[The problem]:
For this exercise, retype the lines from the one that holds "Jousters with broken" through the one that holds "(番梘花)柔美-畢業花束系列—太陽花 玫瑰花 乾燥花束" in the records below, both included, exactly and without pictures.

[The input]:
━━━━━━━━━━━━━━━━
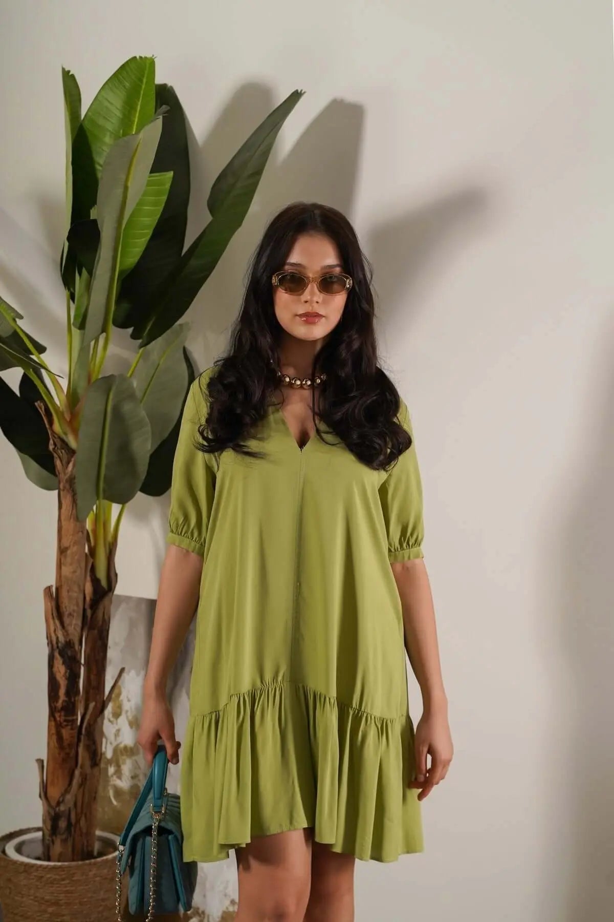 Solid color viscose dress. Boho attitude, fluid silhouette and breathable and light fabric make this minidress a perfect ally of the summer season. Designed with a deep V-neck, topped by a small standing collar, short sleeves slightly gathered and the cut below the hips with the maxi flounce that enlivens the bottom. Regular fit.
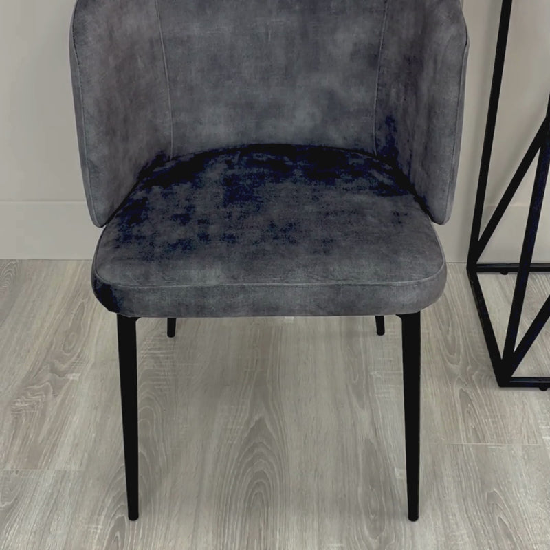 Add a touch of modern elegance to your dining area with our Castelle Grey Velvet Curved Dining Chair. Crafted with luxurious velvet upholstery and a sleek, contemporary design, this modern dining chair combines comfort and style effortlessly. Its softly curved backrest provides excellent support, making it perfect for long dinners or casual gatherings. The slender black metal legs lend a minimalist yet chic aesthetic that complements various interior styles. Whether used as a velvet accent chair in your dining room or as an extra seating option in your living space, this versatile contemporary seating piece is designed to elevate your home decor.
━━━━━━━━━━━━━━━━
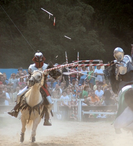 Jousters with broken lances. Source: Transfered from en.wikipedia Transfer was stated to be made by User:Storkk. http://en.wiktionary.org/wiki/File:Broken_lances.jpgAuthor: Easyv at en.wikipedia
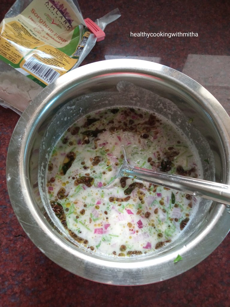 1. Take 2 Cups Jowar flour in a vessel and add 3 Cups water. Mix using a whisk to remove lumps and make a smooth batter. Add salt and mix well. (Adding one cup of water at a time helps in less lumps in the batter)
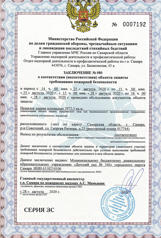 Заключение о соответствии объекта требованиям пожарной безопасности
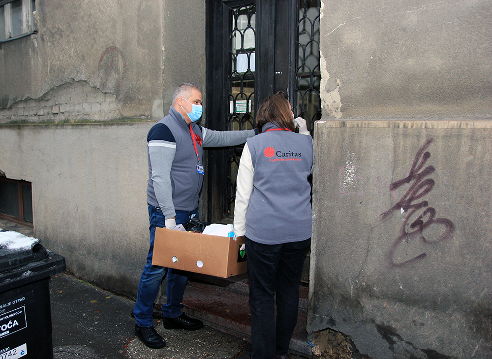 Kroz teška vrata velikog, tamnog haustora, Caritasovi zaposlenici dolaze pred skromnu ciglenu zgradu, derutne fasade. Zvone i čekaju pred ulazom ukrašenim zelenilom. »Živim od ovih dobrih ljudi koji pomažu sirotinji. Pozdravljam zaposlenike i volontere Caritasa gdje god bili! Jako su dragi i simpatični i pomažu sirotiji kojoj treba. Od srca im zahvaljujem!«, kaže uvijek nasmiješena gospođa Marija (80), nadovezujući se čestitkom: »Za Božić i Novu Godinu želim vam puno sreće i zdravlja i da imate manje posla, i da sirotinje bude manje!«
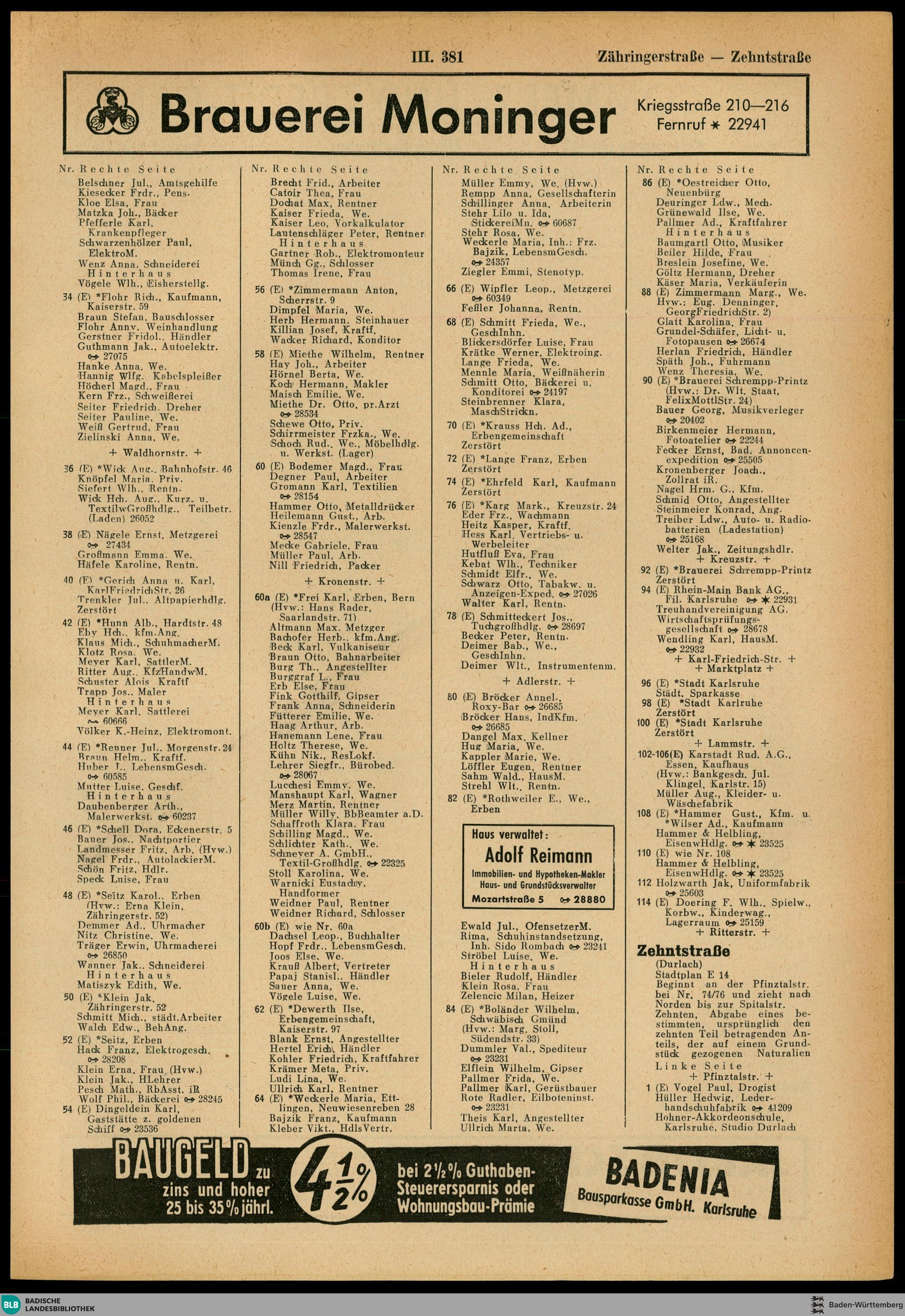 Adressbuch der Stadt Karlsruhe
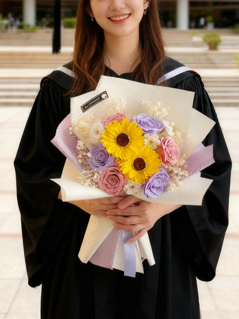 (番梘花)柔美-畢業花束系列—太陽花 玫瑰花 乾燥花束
━━━━━━━━━━━━━━━━
[Expected output]:
 Jousters with broken lances. Source: Transfered from en.wikipedia Transfer was stated to be made by User:Storkk. http://en.wiktionary.org/wiki/File:Broken_lances.jpgAuthor: Easyv at en.wikipedia
 1. Take 2 Cups Jowar flour in a vessel and add 3 Cups water. Mix using a whisk to remove lumps and make a smooth batter. Add salt and mix well. (Adding one cup of water at a time helps in less lumps in the batter)
 Заключение о соответствии объекта требованиям пожарной безопасности
 Kroz teška vrata velikog, tamnog haustora, Caritasovi zaposlenici dolaze pred skromnu ciglenu zgradu, derutne fasade. Zvone i čekaju pred ulazom ukrašenim zelenilom. »Živim od ovih dobrih ljudi koji pomažu sirotinji. Pozdravljam zaposlenike i volontere Caritasa gdje god bili! Jako su dragi i simpatični i pomažu sirotiji kojoj treba. Od srca im zahvaljujem!«, kaže uvijek nasmiješena gospođa Marija (80), nadovezujući se čestitkom: »Za Božić i Novu Godinu želim vam puno sreće i zdravlja i da imate manje posla, i da sirotinje bude manje!«
 Adressbuch der Stadt Karlsruhe
 (番梘花)柔美-畢業花束系列—太陽花 玫瑰花 乾燥花束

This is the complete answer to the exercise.